Scaling up, or accommodating growth by increasing the size of a system's component (such as a database, server, or subsystem) is a natural and straightforward way to scale. Scaling out, on the other hand, accommodates growth by increasing the number of system components (such as databases, servers, and subsystems), and dividing the workload such that the load on any component stays bounded over time despite the overall increase in workload. The task of dividing the workload can make scaling out more challenging than scaling up, particularly for stateful systems, but has well-understood benefits:

  • Workload isolation: Dividing the workload across components means workloads are isolated from each other. This provides failure containment and narrows the impact of issues, such as deployment failures, poison pills, misbehaving clients, data corruption, and operational mistakes.

  • Maximally-sized components: Accommodating growth by increasing the number of components rather than increasing component size means that the size of each component can be capped to a maximum size. This reduces the risk of surprises from non-linear scaling factors and hidden contention points present in scale-up systems.

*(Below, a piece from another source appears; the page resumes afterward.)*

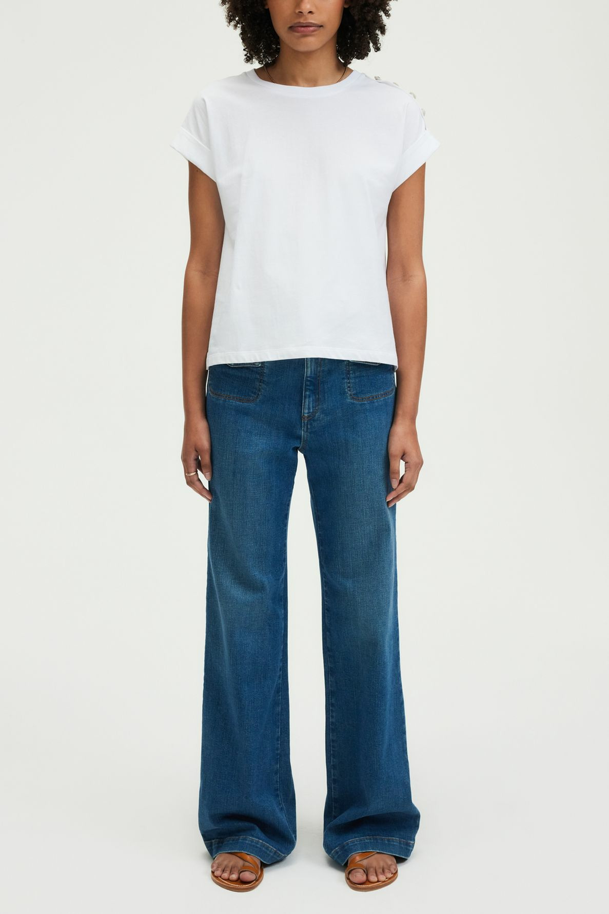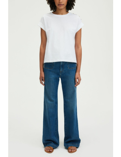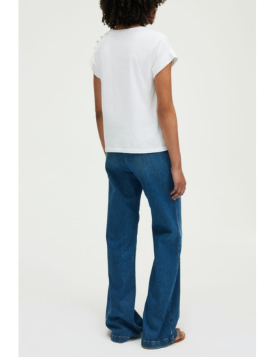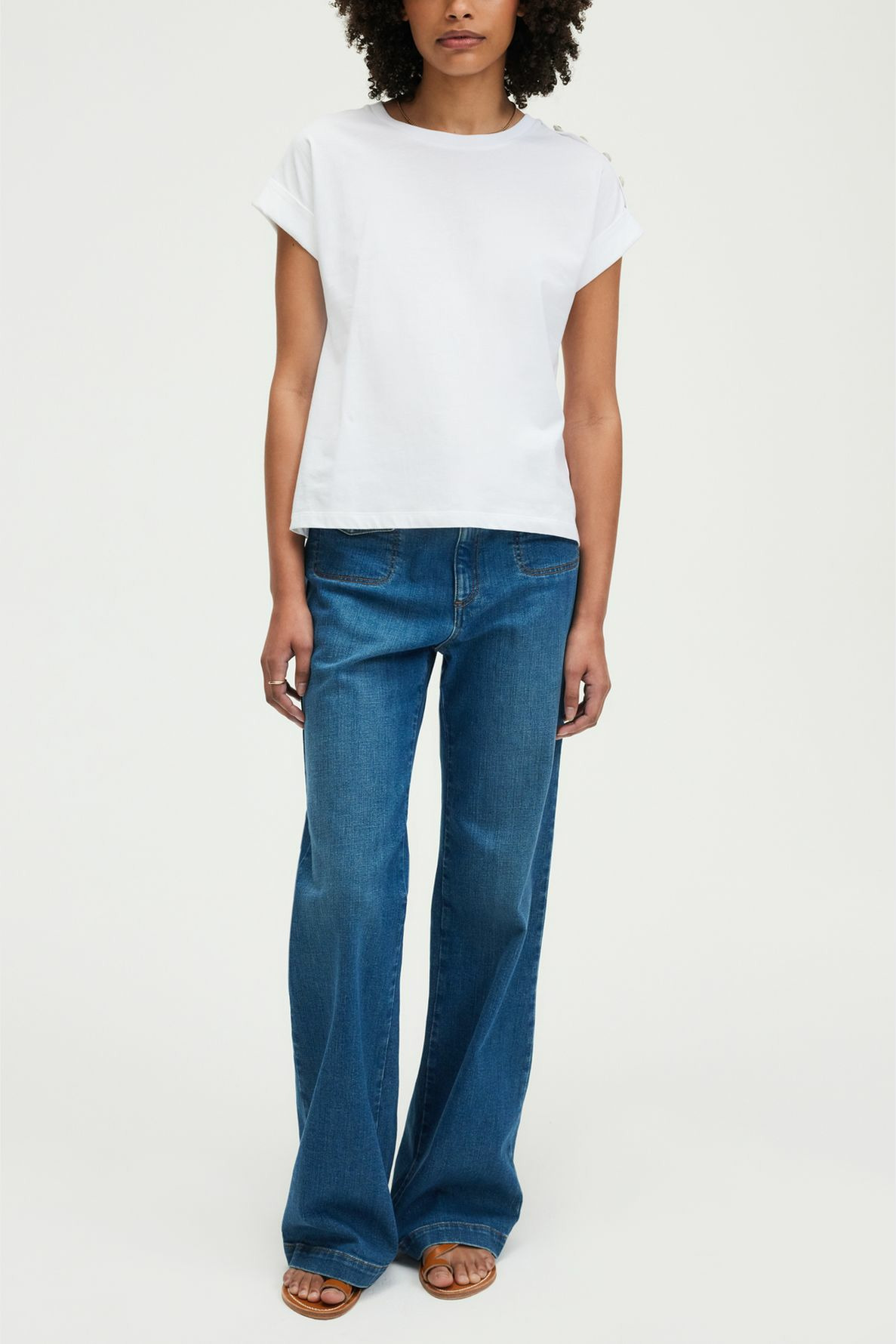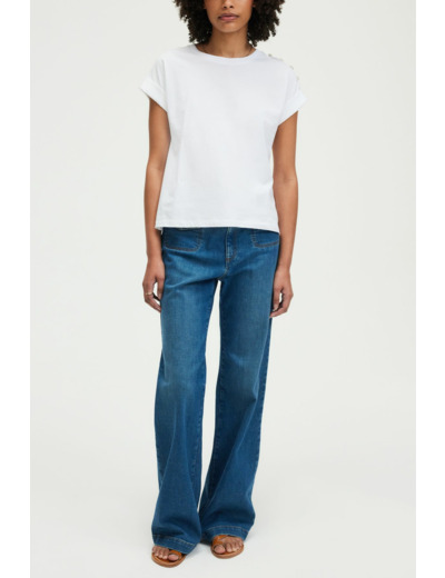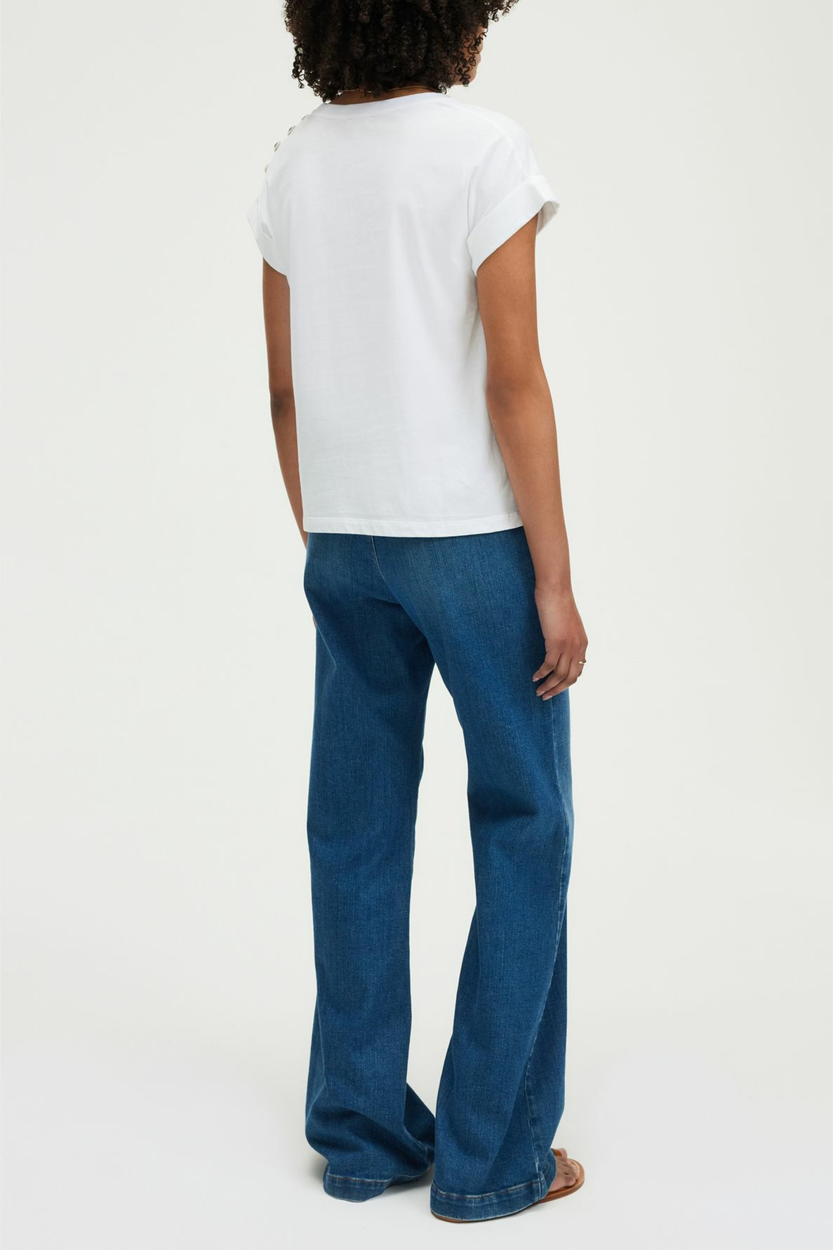 Ce t-shirt se distingue par ses boutons décoratifs à l’épaule, un détail subtil qui fait toute la différence et personnalise votre tenue sans effort. Sa longueur standard permet de le porter aussi bien rentré que sorti, s’adaptant à toutes vos envies de style.

  • Not too big to test: With maximally-sized components, the components are no longer too big to test. These components can be stress tested and pushed past their breaking point to understand their safe operating margin. This approach does not address testing the overall scaled out system composed of these components, but if the majority of the complexity and risk of the system sits in stress-tested components (and it should), the level of test coverage and confidence should be significantly higher.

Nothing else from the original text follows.